No wonder the press missed it. They can’t be expected to take dictation and fact-check it too.
Normally, misleading text and headlines are so commonplace they just don’t bother one like they used to. But this is Iraq. And I’m worried that the American public may be misled into thinking that all we’ll have over there a month from now are a few clerks and supply officers. The public might wrongly perceive from a false-fact like "all combat troops gone" that the light they’re seeing at the end of this horrific tunnel is fairly strong, when maybe it’s not that strong and it’s pretty far away.
What the administration has done (and the press would know this if they’d simply do their collective job) is rebrand the Iraqi mission with an new tag-line (“New Dawn”), and re-label six fully-combat-capable brigades with new, kinder and gentler titles. That’s basically the story. Here’s the February memo from Gates to CENTCOM giving the go-ahead to roll-out the kinder/gentler new mission tag-line that we’ll all going to hear so much about.
The New Dawn mission tagline and associated public relations effort doesn’t fit well with the word “combat”–and actually the American people have had their fill of the term too.
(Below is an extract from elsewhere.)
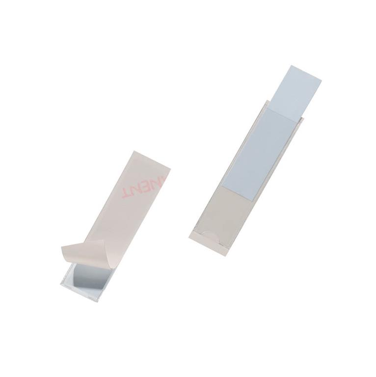Samolepilni žepek iz PVC za shranjevanje in označevanje dokumentov, prazni vložni lističi priloženi, možnost tiskanja z DURAPRINT® programsko opremo, odprt na ožjem delu.

So no accident that the administration has simply renamed six (or so) brigade combat teams as “advise and assist” brigades. The units may have received minor personnel changes, but otherwise are in no way different from existing combat brigades in Iraq. Indeed, some or maybe all of them are already deployed and functional under our current “Operation Iraqi Freedom” mission. The only thing that has changed is the name.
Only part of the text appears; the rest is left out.